Culture

3 Gluten-Free Donuts

By Judy Haubert


Published on May 8, 2013

Earlier this year, the test kitchen focused almost exclusively on donut recipes for our March 2013 special feature on donuts. As a gluten-intolerant person, I was shut out of one of the most important functions of my job: tasting the final products. While my co-workers were busy devouring old-fashioneds and crullers, I experienced our donut-making bonanza with my other senses: feeling the warm silkiness of rising yeast dough, listening for the pop of hot fat in the fryer, and breathing in ethereally sweet vapor clouds of confectioners' sugar. At the end of the day, though, I wanted to be one of the lucky ones, blithely scarfing down a donut of my own, which is why I came up with three gluten-free recipes for cake donuts, my favorite kind.

Sans gluten, the dough doesn't run the risk of getting overworked like dough made from gluten-rich wheat flour, so the donuts never turn out tough or chewy.
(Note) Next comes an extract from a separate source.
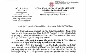 Công văn số 3915/CT-CS của Cục Thuế trả lời về chính sách thuế GTGTCục Thuế - Bộ Tài chính vừa ban hành Công văn số 3915/CT-CS, ngày 18/9/2025, trả lời kiến nghị của Tập đoàn Công nghiệp - Năng lượng Quốc gia Việt Nam về chính sách thuế giá trị gia tăng (GTGT).

Instead, they stay cakey, with a delicate crumb that contrasts nicely with their crisp crust. Not only that, but the variety of flours used in gluten-free baking provides a wider range of subtle flavors: Oat flour lends a hearty, wholesome quality (and a dose of healthy fiber) to the oat old-fashioneds, which get a rum-raisin topping; millet flour has a sweet, slightly earthy taste, and gives the classic chocolate-glazed cake donuts a delicate, creamy interior; and sorghum flour ensures that the chocolate donuts with zebra glaze are moist, with just a hint of rich nuttiness. They're so good, in fact, that they can even fool gluten eaters.